15 April 2011
Eight Limpopo villagers who have established a cooperative that takes tourists through South Africa’s world-famous Kruger National Park have been given open safari vehicles to boost their business.
South African National Parks (SANParks), in conjunction with their subcontractor, Vuswa Fleet, handed over four vehicles to members of the Ngelekele Project in Skukuza on Wednesday.
“We promise that this donation will serve as a foundation for us,” said Jouberg Ndlobu, a member of the project. “We are hoping to increase the vehicles so that we can stand on our feet and able to create jobs for unemployed people who come from the same communities as ourselves.”
Trained as a tour guide
Ndlobu, from Belfast village near the Kruger, was trained as a tour guide through SANParks’ broader economic empowerment strategy and social responsibility programmes that focus on communities around the park.
He said his group called themselves Ngelekele, the Xitsonga name for the woodpecker, which is considered to be a wise bird that cautioned the ancients about evil times and emitted a call until something good happened.
He said the group was trained through the Small Enterprise Development Agency (Seda) after they were selected to become part of the SANParks initiative.
“Although we did not have any entrepreneurial skills, the park arranged with Seda to give us valuable training,” said Ndlobu. “We are now prepared to enter the business world with a thorough understanding of what is expected and how to make the business profitable and sustainable.”
The Kruger’s managing director, Abe Sibiya, said the donation of the vehicles would assist previously disadvantaged communities to enter into the safari tour guiding business.
“After selections, prospective tour guides were trained to become fully fledged guides in order to be able to conduct business in the park like any other private operators,” said Sibiya.
He said SANParks would help the project market their services. “In the meantime, Vuswa Fleet has made two more vehicles available to the new Ngelekele operators, should there be a need,” Sibiya said.
Project could be extended
Sibiya said the project could, over time, extend to other areas around the Kruger if interested community members from other parts of the park were identified.
He said the new operators were requested to sign a contract with Vuswa, who manage open safari vehicles operating in the Kruger.
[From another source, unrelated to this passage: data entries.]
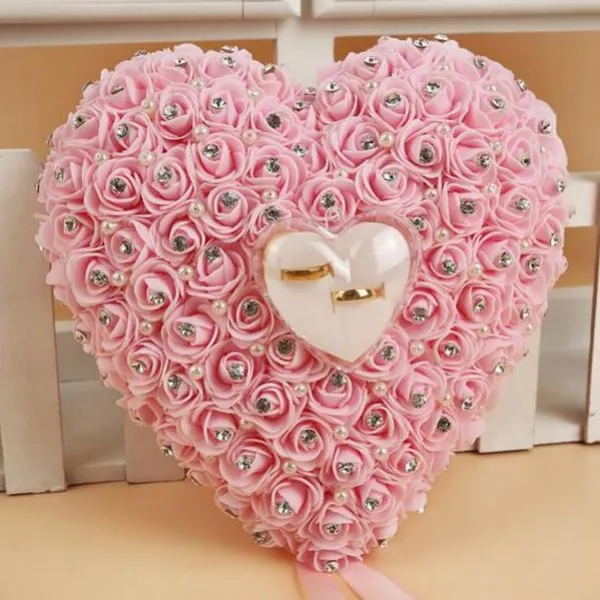 거품 꽃 하트 반지 홀더 신부 반지 베개 무기명 라인 석 발렌타인 데이 약혼 선물 로맨틱 잡초 파티 장식, 1개, mix colors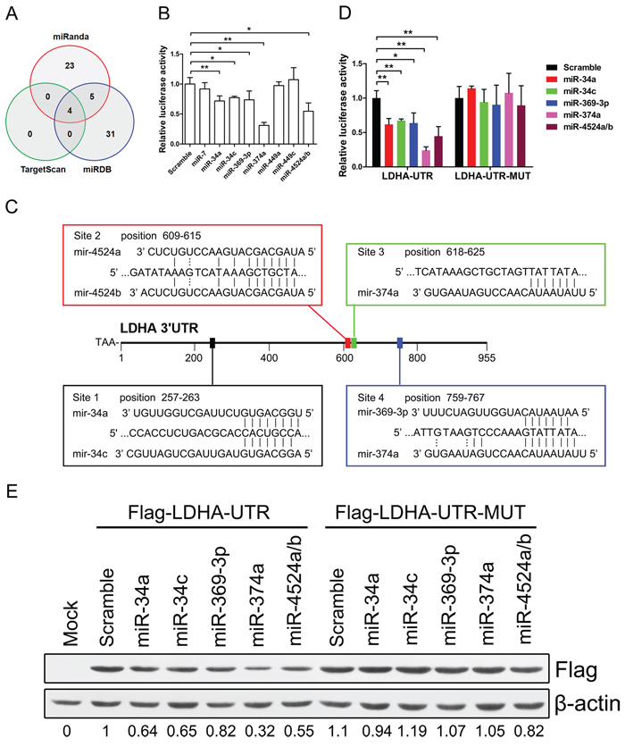 Figure 3: miR-34a, miR-34c, miR-369–3p, miR-374a, and miR-4524a/b suppress the expression of LDHA. (A) Venn diagrams showing the number of potential miRNAs target 3’ UTR of LDHA as predicted by two databases: TargetScan and miRDB. (B) Dual-luciferase assay results. Repression of LDHA by candidate miRNAs was measured as ratios of Renilla and Firefly luciferase activity in 293T cells. The luciferase activity was quantified from five independent experimental wells. (C) Sequences of indicated miRNAs and their potential binding site at the 3’ UTR of LDHA. (D) Dual-luciferase assays showing repression of wild-type UTR (LDHA-UTR) or mutant UTR (LDHA-UTR-MUT) following transfection of indicated miRNAs or scramble. (E) Western blot analysis showing LDHA levels expressed from LDHA cDNA with a wild-type UTR (Flag-LDHA-UTR) or mutant UTR (Flag-LDHA-UTR-MUT) in the presence of indicated miRNAs or scramble in 293T cells. Data represent mean ± SD. *0.01 < p < 0.05; **0.001 < p < 0.01.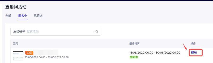 开放注册 界面展示可报名的直播间活动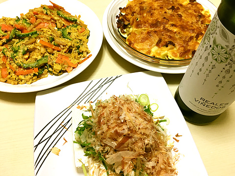 本日のメニューは、上段左から海苔風味のゴーヤチャンプルー、じゃがいもとズッキーニのチーズ焼き、下段が薬味たっぷり冷ややっこ、です。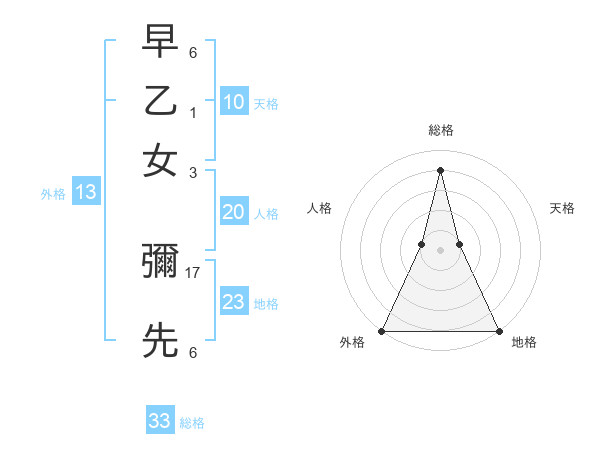 早乙女 彌先さんの総格は33画の4点!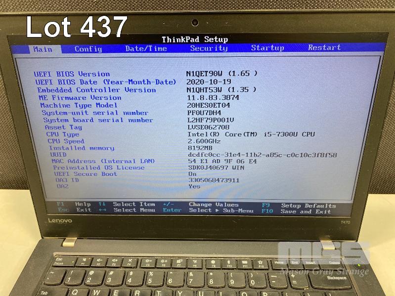 LAPTOP, LENOVO THINKPAD T470 (20HES0ET04), CORE i5 7300U (7TH GEN) @ 2.6GHz, 8GB DDR4 RAM, 256GB NVMe M.2 SSD, 14" WIDESCREEN (1366x768), INTEL HD VIDEO, Wi-Fi, BLUETOOTH, WINDOWS 10 PRO INSTALLED & POWER SUPPLY (NOTE: MINOR MARKS ON SCREEN, NO BATTERY) S/N:PF0U7DH4

The contract covers the servicing of their vehicles, the provision of uniforms, renewal of annual licences, permit fees and registration with the South African Revenue Service.
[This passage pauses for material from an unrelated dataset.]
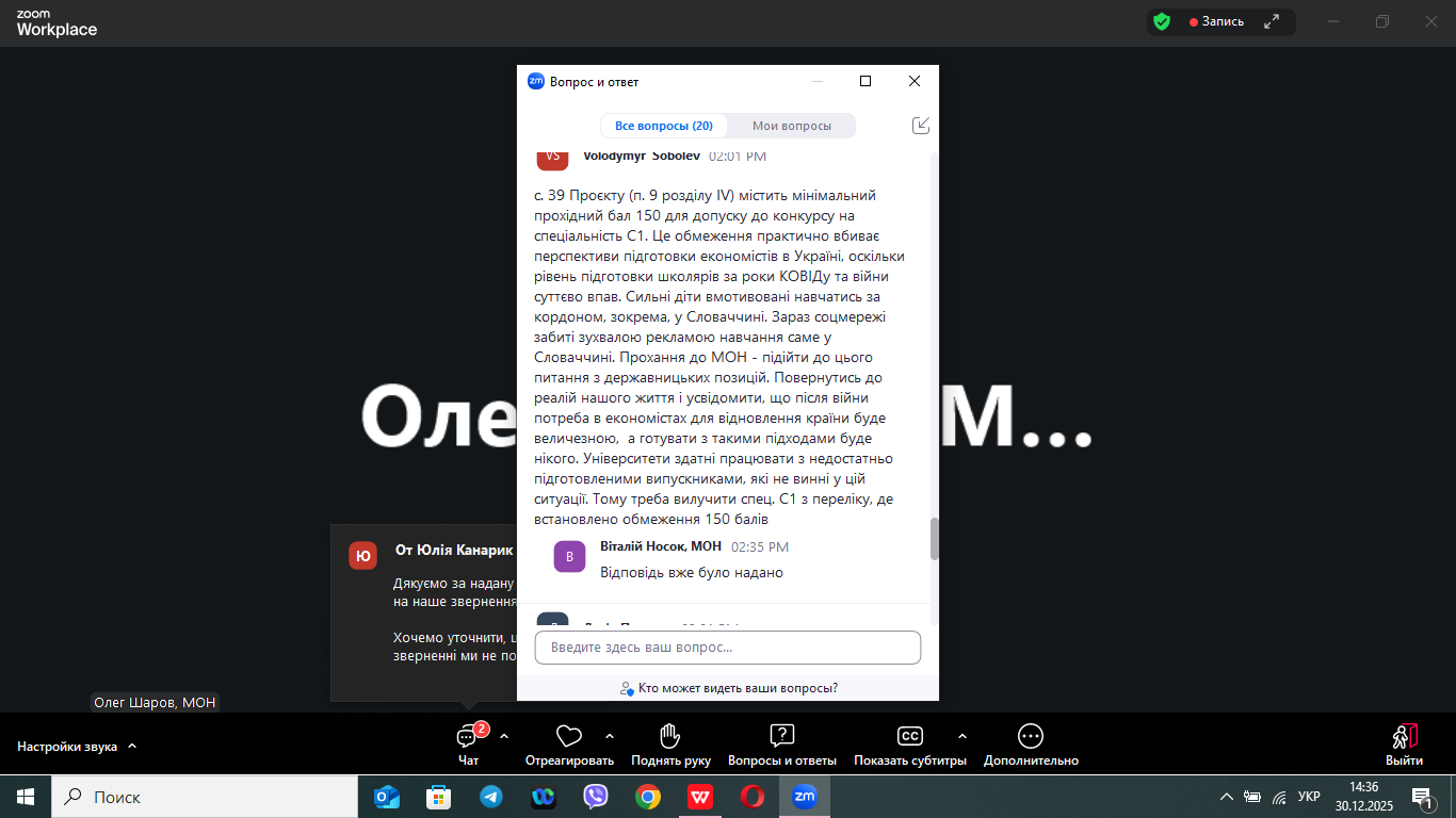 Одне з ключових змін в Проєкті (п. 9 розділу IV) містить «мінімальне значення конкурсного бала не може бути менше ніж 150 балів для спеціальностей C1 «Економіка та міжнародні економічні відносини (за спеціалізаціями)», C3 «Міжнародні відносини»». Це обмеження практично вбиває перспективи підготовки економістів в Україні, оскільки рівень підготовки школярів за роки КОВІДу та війни суттєво впав. Ініціативне звернення до МОН – підійти до цього питання з державницьких позицій. Повернутись до реалій нашого життя і усвідомити, що після війни потреба в економістах для відновлення країни буде величезною, а готувати з такими підходами буде нікого. Нащо Олег ШАРОВ відповів, що на сьогоднішній момент існує загроза переведення здобувачів зі ОП С01 на С02 та С03, тому міністерство шукає шляхи для вирішення цього питання!

“We are empowering communities. We are making a contribution towards job creation and ultimately putting bread on somebody’s table,” said Sibiya.
Vuswa Fleet managing director Francois Viljoen said the company was honoured to be involved in the initiative.
“We would like to see individuals growing vigorously and owning more vehicles in the park and improving their living conditions,” Viljoen said. “We hope that this community-driven project will also have positive impact on the community they come from.”
Sibiya said the project would help ease traffic congestion in the park during busy periods by offering a park-and-ride service to visitors.
“Interested day visitors, who wish to enter the park after the visitor quota has been reached, will be able to use this park-and-ride community service during gate operating times,” Sibiya said.